Jesús mismo nos advirtió:
“Estas cosas os he hablado para que en mí tengáis paz. En el mundo tendréis aflicción; pero confiad, yo he vencido al mundo.” (Juan 16:33)
Esa promesa nos recuerda que, aun en medio de la necesidad, del dolor y de las pruebas que no podemos evitar, Dios sigue estando en control. Él es más grande que la escasez, más grande que los problemas y más grande que cualquier situación que enfrentemos.

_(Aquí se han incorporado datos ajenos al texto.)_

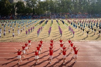 学生方阵和教师方阵迈着铿锵有力的步伐进入赛场。他们坚毅的面庞彰显出商院人坚韧不拔、昂扬向上和永不言败的精神。学生团体操演出中,同学们朝气蓬勃,动作整齐,配合默契,跟随音乐变换队形展现出了商院学子昂扬的精神面貌。

Por eso, no cuestiones la bondad de Dios por una temporada difícil. Comprender que Dios sigue siendo bueno a pesar de cualquier circunstancia te ayudará a atravesar los momentos más difíciles con esperanza, sabiendo que Él te dará la fuerza necesaria para superar cada prueba.
Todo lo que Dios permite tiene un propósito. Todo proceso tiene una razón. Aun cuando no entendamos el porqué, podemos confiar en que Él está formando algo en nosotros.
Jesús nos dio el mayor ejemplo cuando oró: “Padre, si es posible, pasa de mí esta copa”. Sin embargo, también fue obediente a la voluntad del Padre. Aunque el proceso era doloroso, Jesús entendió que había un propósito mayor.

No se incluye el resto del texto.